Solo son cosas

La casa envejeció como sus propietarios y moradores. Los descendientes decidieron venderla para comprar un piso y hacer más fácil la última etapa de la anciana Erundina. Cuando la periodista llegó a su ciudad, preguntó por todo lo que había en el desván. “Se tiró a la basura”, le dijeron

Muertos sus padres, Avelino recibió la herencia de su familia y supo que tendría que ceder a las pretensiones de su esposa Erundina. Ya era hora de tener casa propia. Como funcionario, él contaba con un trabajo fijo, llevaban más de una década de matrimonio y tenían dos hijas. Tras haber recorrido diferentes destinos por España, recalaron en Vigo, donde residían en un piso de alquiler, cerca de la estación. Don Juan, un solterón adinerado, propietario de casi todos los terrenos del barrio donde se ubicaba su casa, le insistía para que aprovechara la ganga de un terreno que tenía en venta y donde podría construir un edificio. La zona prometía, era un solar cercano a la finca de la iglesia de los Capuchinos y, con seguridad, la ciudad terminaría por abrir una calle importante en el lugar.

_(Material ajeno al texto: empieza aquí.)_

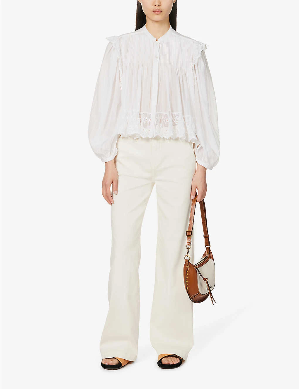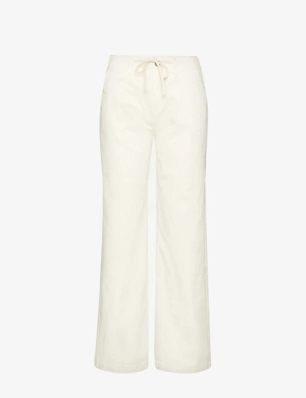 - Regular fit, mid-rise, wide leg, structured waistband with belt loops, two slip pockets at front, brand patch at back, darts at back, two patch pockets at back, branded silver-toned hardware

Los 40 eran los años del hambre, la posguerra y la escasez. La familia de los cuatro sobrevivía gracias a lo que les mandaban de la aldea de donde llegaban patatas, frutas y productos de la matanza con los que pasaban con holgura todo el invierno. Pero encontrar materiales de construcción era otro cantar. La madera era fácil de conseguir porque talaron los árboles del terruño, pero no había clavos ni cemento y mucho menos cables, hierro o ladrillos. A no ser que cedieras a la usura del estraperlo o tuvieras influencias en las altas instancias. Dicho y hecho. Erundina habló con su vecina Maruxa, una madre soltera que ocupaba la planta baja de su edificio y disfrutaba de la protección de un procurador en Cortes con buenos contactos políticos. Ese gran señor se avino a ponerles las cosas fáciles.

Pero faltaba dinero para una empresa tan ambiciosa porque la herencia de Avelino -de la que se deshizo con gran dolor de corazón- no alcanzaba. Entonces, Erundina escribió a su hermano Claudio, que había emigrado a Argentina, y le pidió un préstamo. Cuando el edificio de piedra, con un bajo y dos pisos, fue una realidad, sus propietarios lo pusieron en alquiler para pagar las deudas y siguieron pagando la renta. La vida de la familia estuvo desde ese momento condicionada por el proyecto residencial y nada se hacía ni disfrutaba porque había que pagar la casa.